The writer Pedrag Matvejević died yesterday in Zagreb, Croatia, aged 84. He lived for many years in Italy, where he had been professor of Slavic Studies at the University of Sapienza in Rome. Of his works, the most important are probably the Epistolario dell’altra Europa – a collection of open letters in defense of human rights and, in particular, of persecuted dissident intellectuals from several countries in Eastern Europe – and the Mediterranean: A Cultural Landscape, which reconstructs the geopolitical history of the Mediterranean and the countries that surround it: regarded by critics as a “poetic essay”, a “prose poem”, a “logbook” or a “novel about places”, and has been translated into twenty languages.
Slow Food had the honor and pleasure of hosting Pedrag in an early edition of Salone del Gusto, and published some of his articles in our Italian-language membership magazine. Re-evaluating them now, we realize how relevant his thoughts on the Mediterranean sea still are. He said: “The Mediterranean came to modernity late. It has not seen secularism along all its coast. To conduct a critical examination of the facts, it must first free itself of a cumbersome weight. Each coast has its own contradictions, which continue to be reflected around the rest of the sea and even far beyond it. The idea of coexistence between multiethnic territories, where different religions and cultures intersect and blend together, has suffered a cruel setback.

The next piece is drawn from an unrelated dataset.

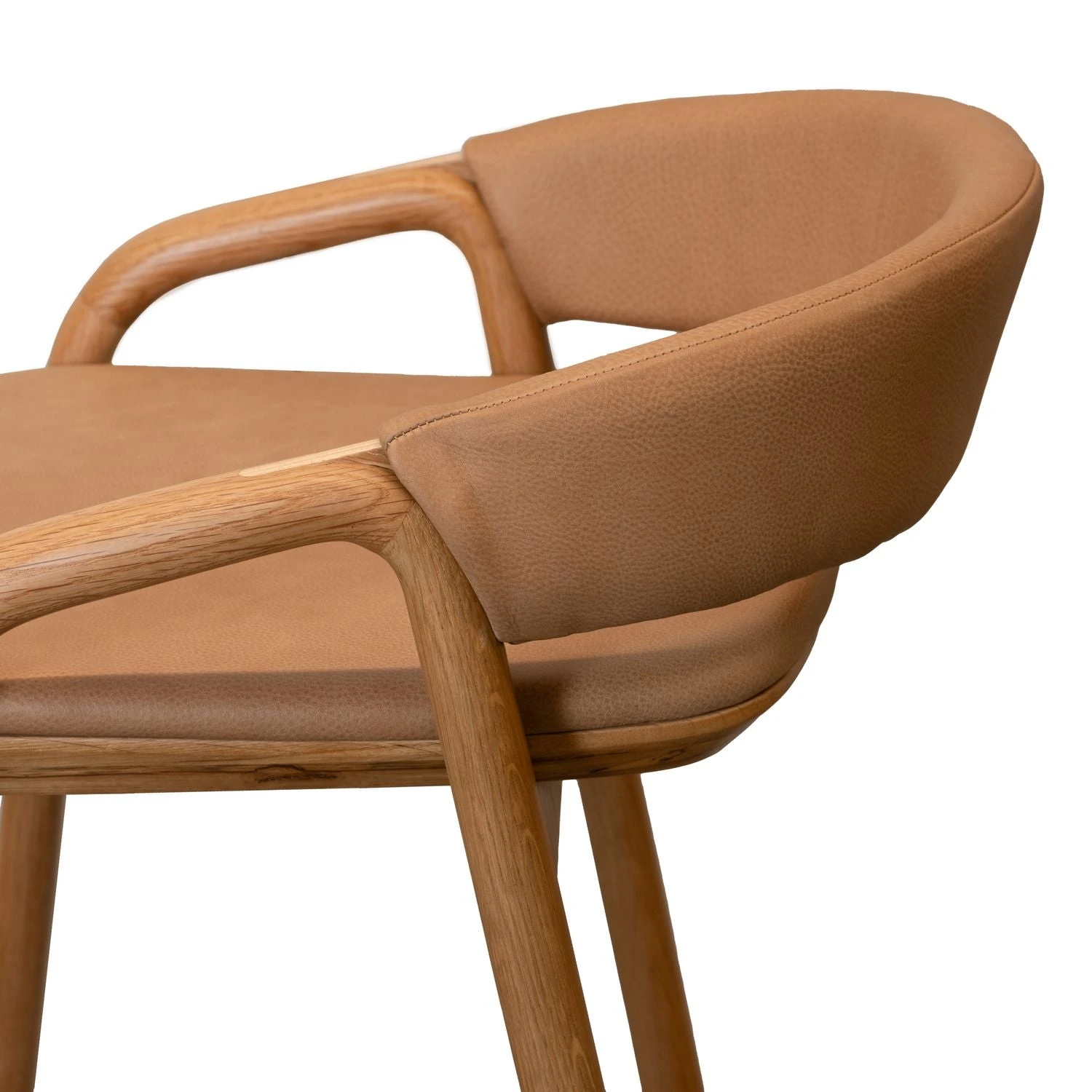 The design for Ryota Yokozeki’s Inlay counter stool comes from a desire to achieve new and challenging forms in wood while still showing respect for the material. Similar to an elegant letter form, the counter stool has a curving plywood backrest that merges seamlessly with the solid wood arms and frame.
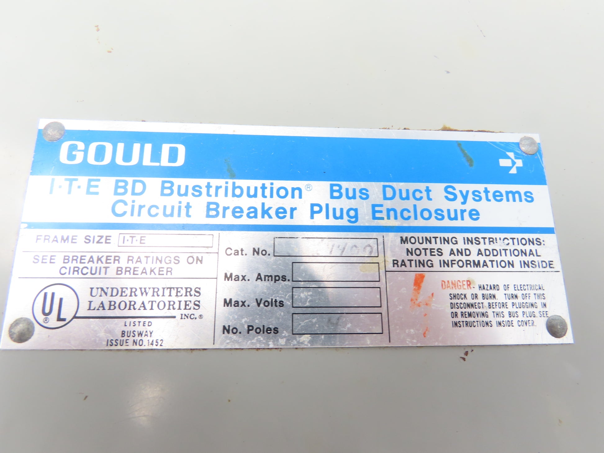 Gould BDJK4400 ITE BD Busway Bus Plug Disconnect 400A Breaker 600V 3P

There is no single Mediterranean culture, but many, each characterized by certain traits which may be more or less similar to its neighbors. The similarities are due to the proximity to a common space—the sea—and the meetings of nations and their forms of expression along its shores. The differences are marked by facts that arise from history, beliefs and customs. Neither is absolute or constant: sometimes the similarities prevail, and sometimes the differences. The rest is mythology.”
Matvejević’s last book was dedicated to a common element of Mediterranean culture, bread, which “unites the nations of the Mediterranean, linking them all back to a common past, that is present both in our memory and in our daily activites” and that may contribute “to reinforcing the idea of the simultaneous plurality and unity of Mediterranean cultural identity.”